Better Together: How Nonpharmacological Interventions Can Complement Medications for Bipolar Depression

October 03, 2013

LAS VEGAS—Nonpharmacological treatments for bipolar depression are practical and effective interventions that can work in concert with medications to improve patient outcomes, said Saundra Jain, MA, PsyD, LPC, at the 26th Annual U.S. Psychiatric and Mental Health Congress. Dr. Jain examined the evidence for a number of different psychosocial treatments, mindfulness-based cognitive therapy, and exercise for patients with bipolar depression.

“We’re all familiar with the clinical challenges of bipolar depression. Nonpharmacological strategies offer us as clinicians additional treatment options when taking care of this tough patient population,” said Dr. Jain.

Evidence for Psychosocial Treatments

Cognitive-behavioral therapy (CBT), one of the key types of psychosocial treatments, is modeled on the relationship between thoughts, emotions, and behaviors—correcting inaccurate and distorted thoughts may lead to more productive feelings and behaviors.

Recently, research has identified an objective, prospective biomarker that predicts which patients will respond to medication and CBT, and a clinical study by Lam et al. shows that cognitive therapy can help to prevent relapses in bipolar disorder [1]. Over a 30-month period, patients randomized to cognitive therapy had significantly better outcomes in terms of relapses compared with patients receiving standard treatment.

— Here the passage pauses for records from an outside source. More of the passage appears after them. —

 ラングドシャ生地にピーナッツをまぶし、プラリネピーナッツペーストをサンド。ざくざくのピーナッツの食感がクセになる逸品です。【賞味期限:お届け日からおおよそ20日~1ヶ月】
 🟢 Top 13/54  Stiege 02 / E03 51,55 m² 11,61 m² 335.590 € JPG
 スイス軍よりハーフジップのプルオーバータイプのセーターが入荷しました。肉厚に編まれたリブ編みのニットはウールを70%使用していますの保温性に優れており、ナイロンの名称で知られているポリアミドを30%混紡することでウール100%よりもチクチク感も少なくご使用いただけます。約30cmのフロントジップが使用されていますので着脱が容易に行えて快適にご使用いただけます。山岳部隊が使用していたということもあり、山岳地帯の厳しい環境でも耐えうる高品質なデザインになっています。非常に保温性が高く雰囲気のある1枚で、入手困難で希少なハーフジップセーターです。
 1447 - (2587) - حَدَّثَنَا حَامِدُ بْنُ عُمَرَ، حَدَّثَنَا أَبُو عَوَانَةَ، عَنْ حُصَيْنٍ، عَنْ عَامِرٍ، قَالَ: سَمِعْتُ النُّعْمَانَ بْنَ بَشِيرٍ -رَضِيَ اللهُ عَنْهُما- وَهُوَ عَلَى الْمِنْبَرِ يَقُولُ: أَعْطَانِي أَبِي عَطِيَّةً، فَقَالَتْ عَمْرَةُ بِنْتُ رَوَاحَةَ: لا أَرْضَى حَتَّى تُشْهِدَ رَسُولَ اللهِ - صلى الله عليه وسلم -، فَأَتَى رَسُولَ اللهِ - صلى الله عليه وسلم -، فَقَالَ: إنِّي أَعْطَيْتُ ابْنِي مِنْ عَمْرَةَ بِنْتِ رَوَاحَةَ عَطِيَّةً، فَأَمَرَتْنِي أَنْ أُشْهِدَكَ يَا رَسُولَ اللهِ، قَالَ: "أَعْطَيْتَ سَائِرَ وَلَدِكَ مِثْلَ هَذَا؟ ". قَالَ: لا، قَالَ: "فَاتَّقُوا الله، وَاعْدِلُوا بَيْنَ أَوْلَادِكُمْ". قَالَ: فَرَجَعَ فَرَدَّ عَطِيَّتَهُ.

Involving patients’ families in treatment also has positive effects on relapses and overall outcomes. A study by Miklowitz et al. suggests that Family-Focused Therapy (FFT) is linked with more time before relapse, better medication adherence, and greater improvement in depressive symptoms [2].

“Involving a patient’s family in treatment usually proves quite beneficial. It isn’t always smooth sailing, but it’s typically worth the effort. That’s what I really like about FFT—the need to involve and educate family members and have them become active members in the treatment process,” said Dr. Jain.

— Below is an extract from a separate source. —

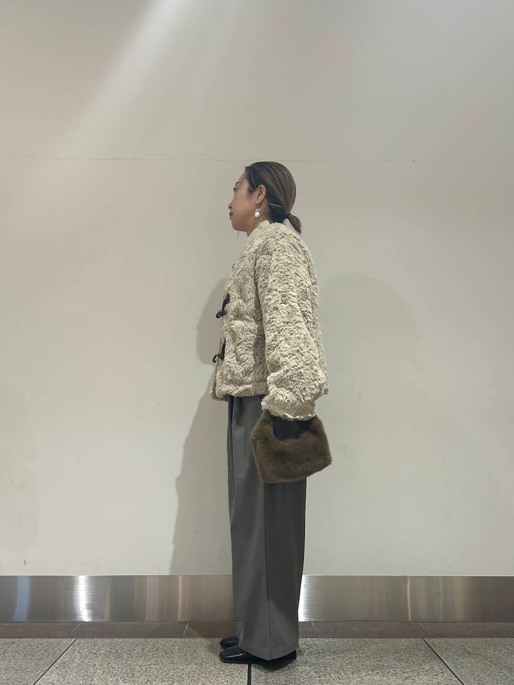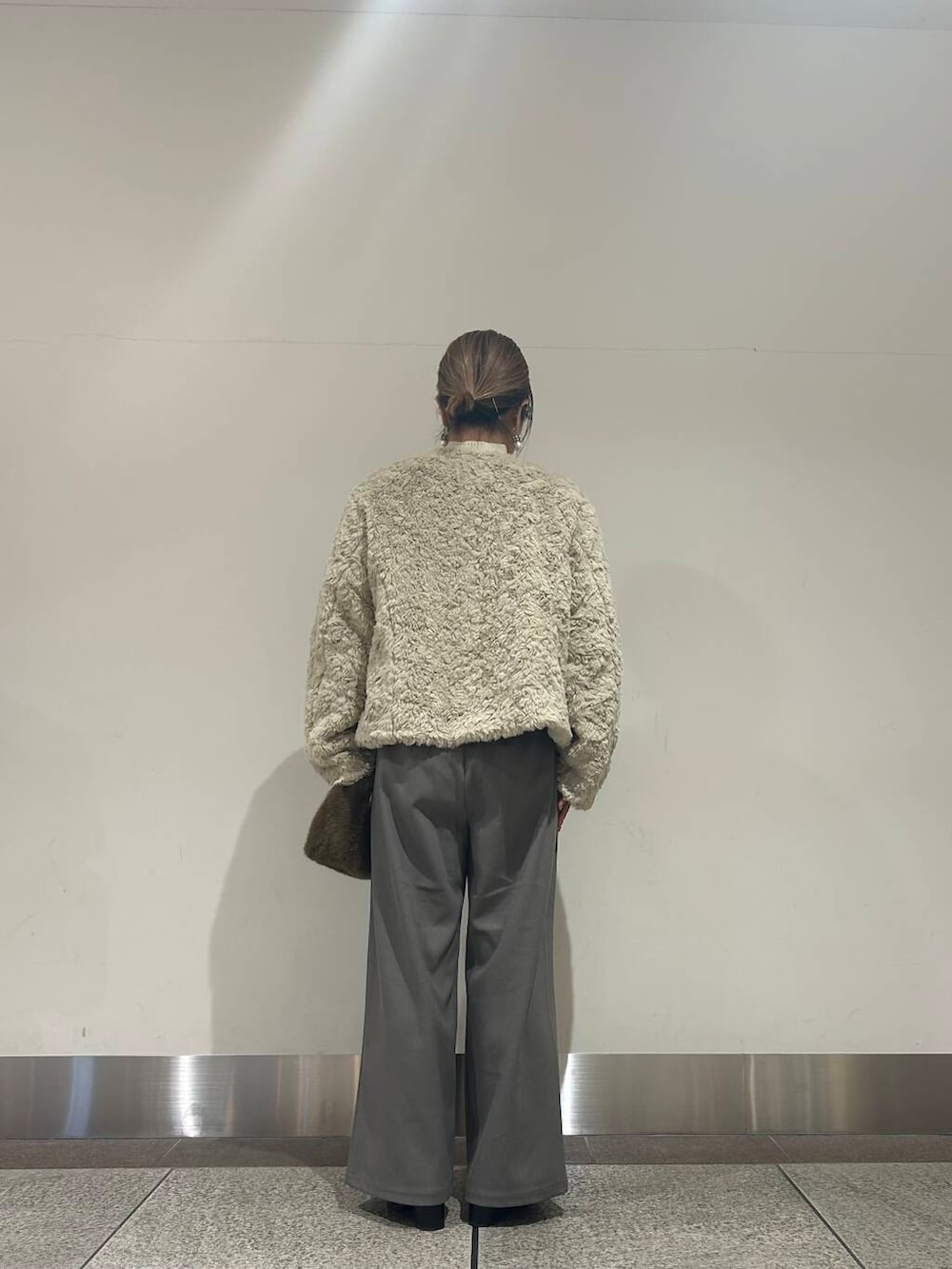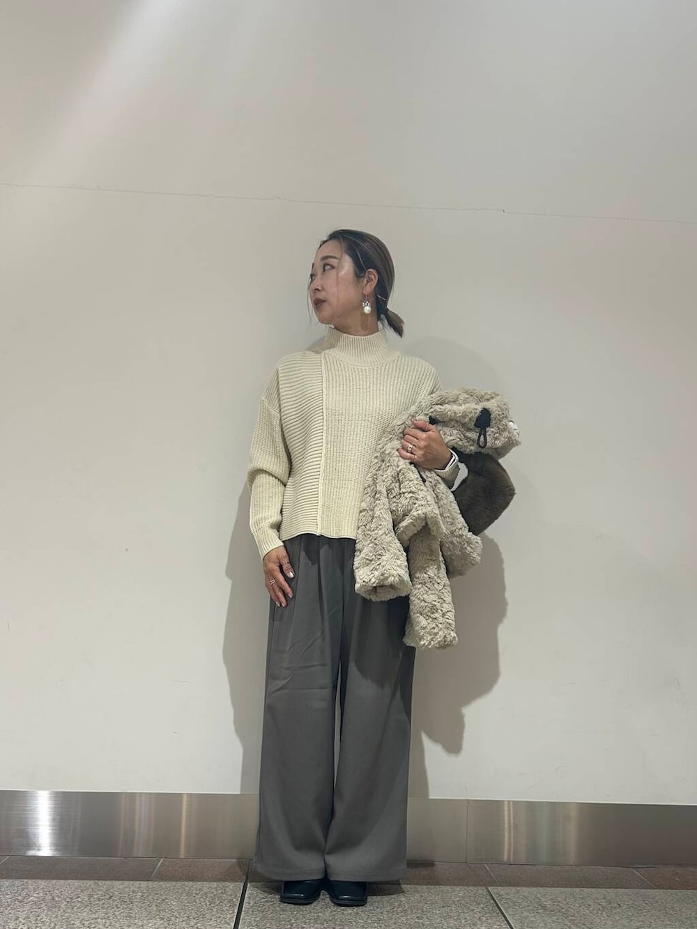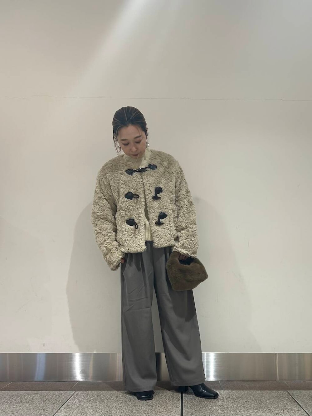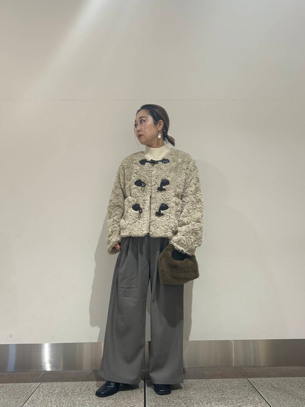 ノーカラーファーコートは、ハイネックのニットとの相性抜群!

FFT is characterized by psychoeduation to help the patient and family better understand the disorder, improve communication skills through communication enhancement training, and problem-solving training to effectively resolve conflicts.

Patients may benefit from Interpersonal and Social Rhythm Therapy (ISRT) as well. This therapy aims to regulate social routines and stabilize interpersonal relationships to improve depression and prevent relapse. For more information, Dr. Jain recommends Treating Bipolar Disorder: A Clinician’s Guide to Interpersonal and Social Rhythm Therapy by Ellen Frank.

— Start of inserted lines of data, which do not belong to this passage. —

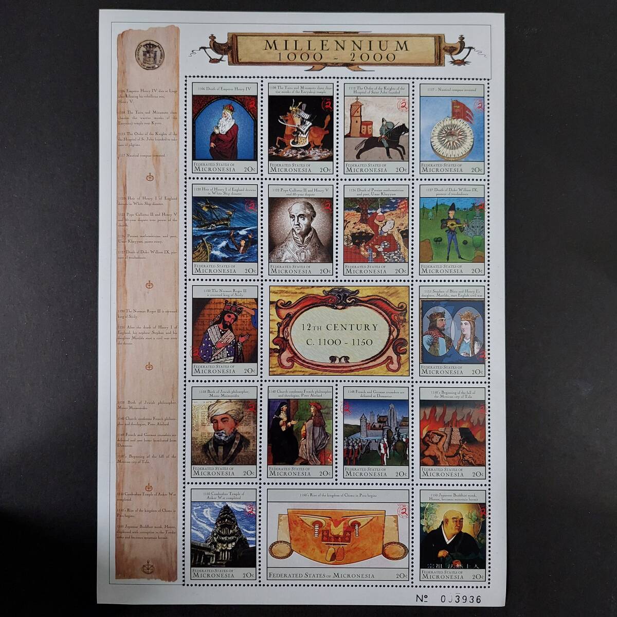 > K470「ミレニアム2000 記念切手シート(1100-1150年)『世界が選んだ世界のビッグイベント・世相 BEST17』」発行:ミクロネシア 1999年 未使用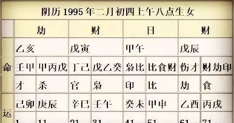 阴年生女例:阴历1995年二月初四上午八点生女。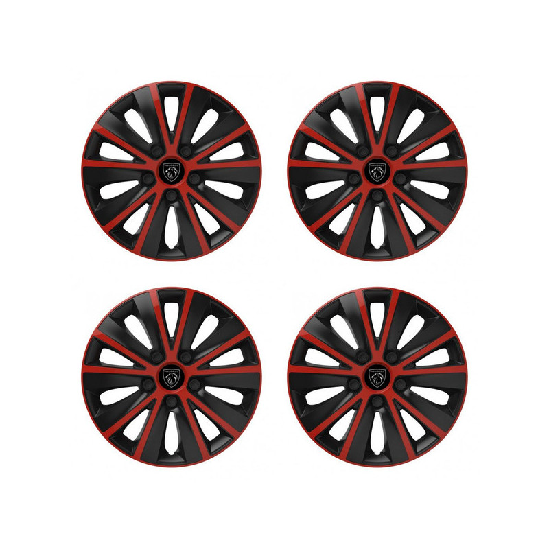 Puklice 14 RAPIDE red and black pre Peugeot (nové logo) na ocelové disky. Pre kolesá o veľkosti R14 so živicovými samolepkami Peugeot (nové logo).Príjemca :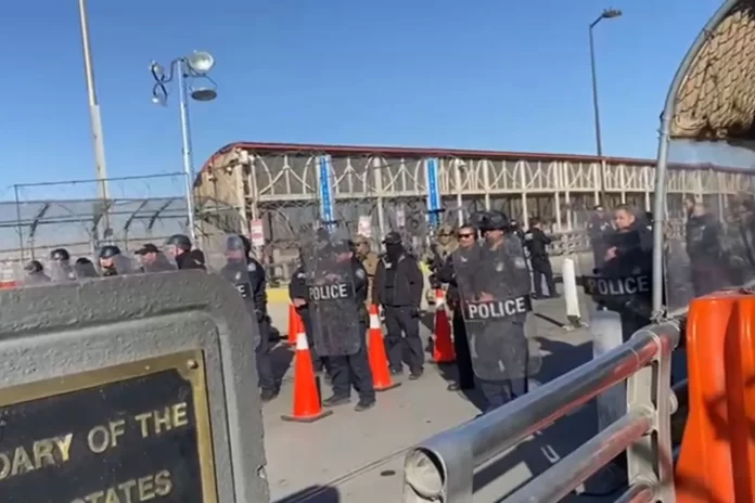 Agentes de la policía de Estados Unidos, con el respaldo de un grupo de antimotines, se instalaron en medio del puente y utilizaron altavoces para hacer un anuncio contundente: “Esto es una advertencia, esta es un área restringida federal. El personal no autorizado no puede pasar más allá de este punto, la entrada sin permiso dará lugar a la detención, procesamiento y posible aplicación de la fuerza.”
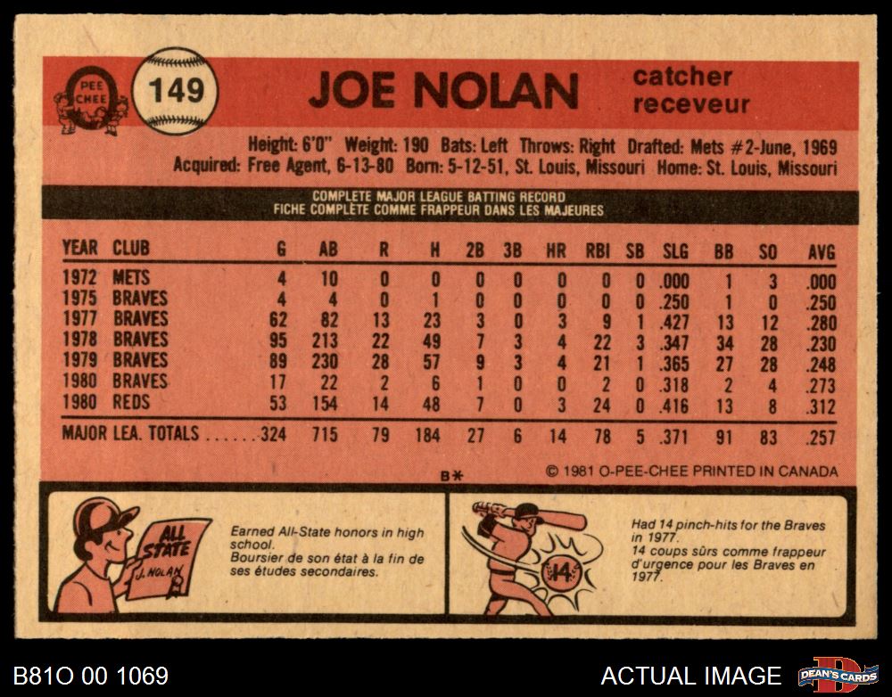 1981 O-Pee-Chee #149 Joe Nolan 7 - NM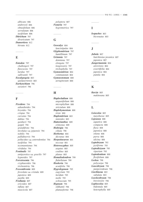 1344 • 색인 학명 색인 - [선태류] • 1345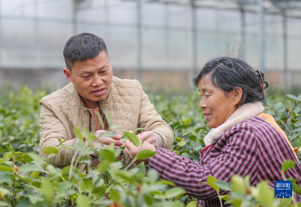 2月3日,技術(shù)人員(左)在貴州玉屏侗族自治縣油茶育苗中心對工人進(jìn)行技術(shù)指導。

Combining Mindfulness With CBT

In addition to these psychosocial treatments, patients with bipolar depression may benefit from Mindfulness-Based Cognitive Therapy (MBCT), which includes elements of CBT and mindfulness meditation. Mindfulness involves paying attention in a particular, nonjudgmental way in the present moment, and research suggests MBCT is associated with lower scores on the Montgomery-Åsberg Depression Rating Scale (MADRS) [3].

“MCBT is a regular part of my private practice,” said Dr. Jain. She added, “I don’t offer the eight-week group sessions due to space limitations; however, I do routinely use many of the meditations and the patient book with many of my patients. Overall, patients are open to beginning a meditative practice and report positive results from their practice.”

Some clinicians also may consider prescribing exercise in light of a recent study that found decreased exercise can be a trigger for bipolar depression.[4] However, although exercise has been shown to regulate mood symptoms and potentially calm hypomania, some patients may tend to overexercise when in a manic state or have elevated mood activation. With bipolar mania there is good evidence that exercise may destabilize patients even further.

“In bipolar depression, at the moment, we just don’t have enough data to make recommendations either way,” said Dr. Jain.

“These psychosocial interventions, meditation, and exercise work in conjunction with pharmacological interventions to help us Tame the Beast of bipolar depression. We need to have access to as many interventions as possible in order to give our patients the best chance at achieving better outcomes,” said Dr. Jain.

—Lauren LeBano


1. Lam DH, et al. Relapse prevention in patients with bipolar disorder: cognitive therapy outcome after 2 years. . Am J Psychiatry. 2005;162(2):324-329.

2. Miklowitz DJ, et al. A randomized study of family-focused psychoeducation and pharmacotherapy in the outpatient management of bipolar disorder. Arch Gen Psychiatry . 2003;60(9):904-912.

3. Perich T et al. The association between meditation practice and treatment outcome in Mindfulness-based Cognitive Therapy for bipolar disorder. Behav Res Ther . 2013;51(7):338-343.

4. Proudfoot J et al. Triggers of mania and depression in young adults with bipolar disorder. J Affect Disord. 2012;143:196-202.